• REQUIRED WORK
In the records below, find the line containing "2 этаж: холл, детская" and transcribe it and every line after it exactly; leave the pictures out.

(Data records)
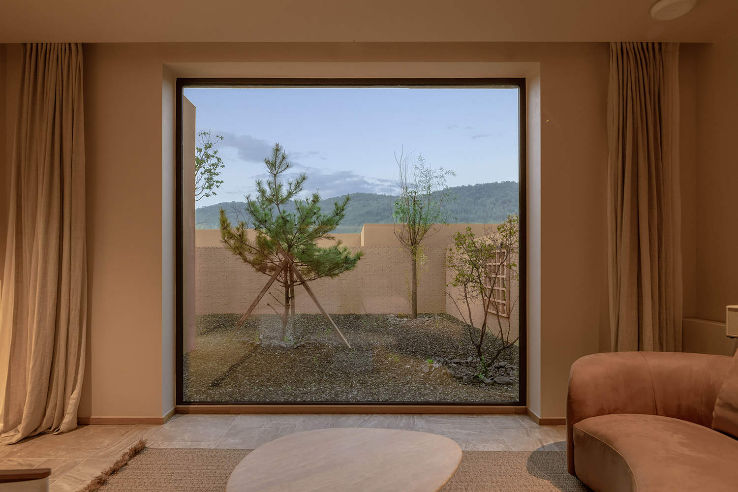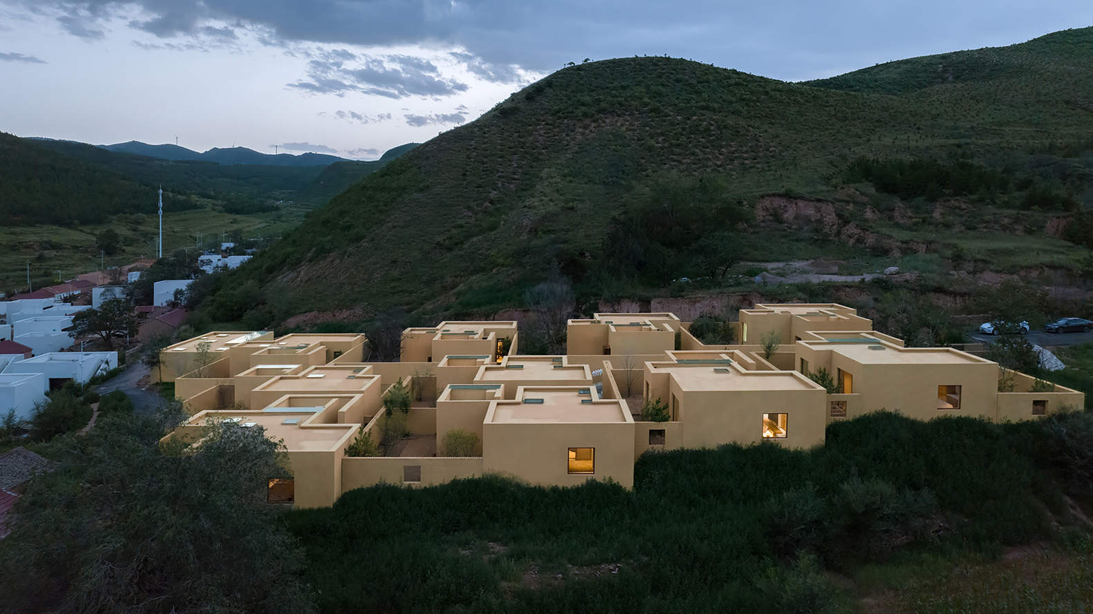 Unlike the scattered independent residences in the village, KALHA Hotel is a continuous spatial system enclosed by walls. The hotel rises gradually from south to north along the terrain and crawls horizontally on the slope north of the village. The view from the east and south directions is wide, with unobstructed views of nearby villages and distant mountains.
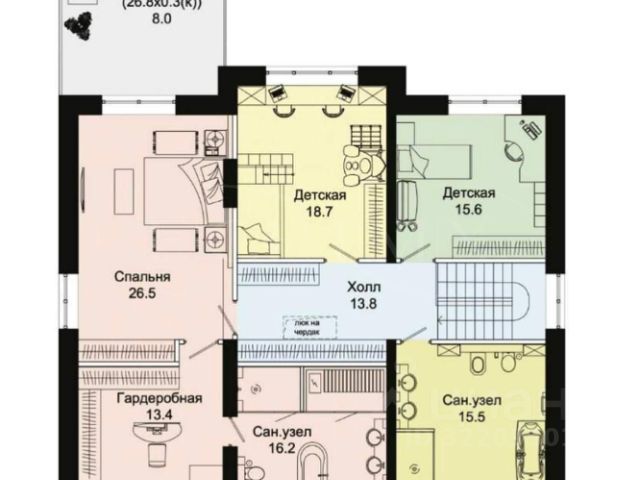 2 этаж: холл, детская спальня, санузел, гардеробная
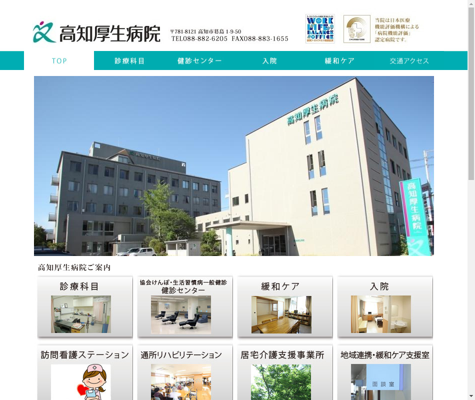 | 事業内容 | 医療業(内科、外科、整形外科、血管外科、心臓血管外科、肛門科、消化器科、循環器科、リハビリテーション科、放射線科、麻酔科、人間ドック)ベッド数138床 |
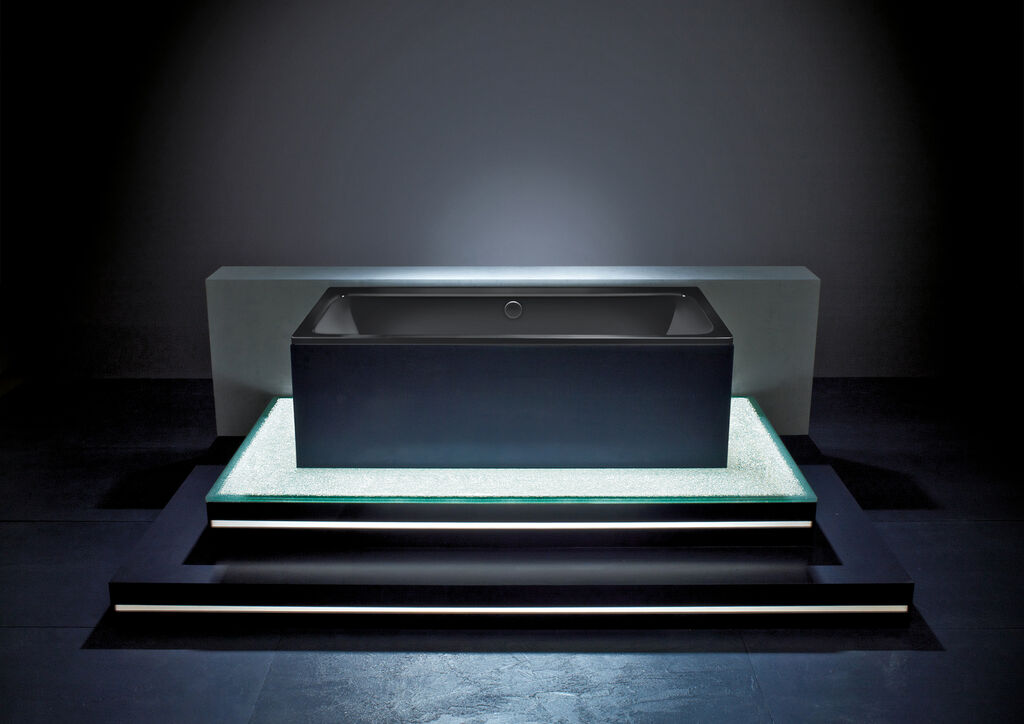 Das markante Gestaltungsdetail eines großzügigen Wannenrandes befriedigt auch das Bedürfnis nach barrierearmen Produkten, da man so bequem im Sitzen mit den Füßen in die Wanne einschwenken kann.
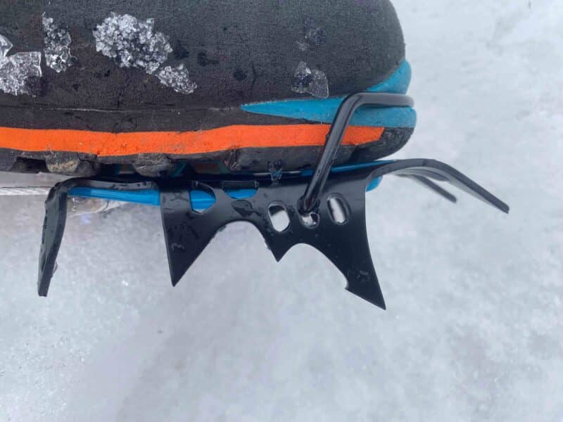 Le pointes acier avant et arrière sont plus longues que les Harfang ou Harfang Enduro par exemple. On découvre donc un crampon plus efficace et agressif dans les parties glacées et raides. Il est aussi efficace lors des traversées ou bien souvent ce type de crampons léger a plutôt tendance à se désaxer. Les bases « crampons » avant et arrière sont dotées d’un system anti-bottes TPU, qui peut être amovible si l’on recherche encore plus de légèreté.

• RESPONSE TO THIS TASK
 2 этаж: холл, детская спальня, санузел, гардеробная
 | 事業内容 | 医療業(内科、外科、整形外科、血管外科、心臓血管外科、肛門科、消化器科、循環器科、リハビリテーション科、放射線科、麻酔科、人間ドック)ベッド数138床 |
 Das markante Gestaltungsdetail eines großzügigen Wannenrandes befriedigt auch das Bedürfnis nach barrierearmen Produkten, da man so bequem im Sitzen mit den Füßen in die Wanne einschwenken kann.
 Le pointes acier avant et arrière sont plus longues que les Harfang ou Harfang Enduro par exemple. On découvre donc un crampon plus efficace et agressif dans les parties glacées et raides. Il est aussi efficace lors des traversées ou bien souvent ce type de crampons léger a plutôt tendance à se désaxer. Les bases « crampons » avant et arrière sont dotées d’un system anti-bottes TPU, qui peut être amovible si l’on recherche encore plus de légèreté.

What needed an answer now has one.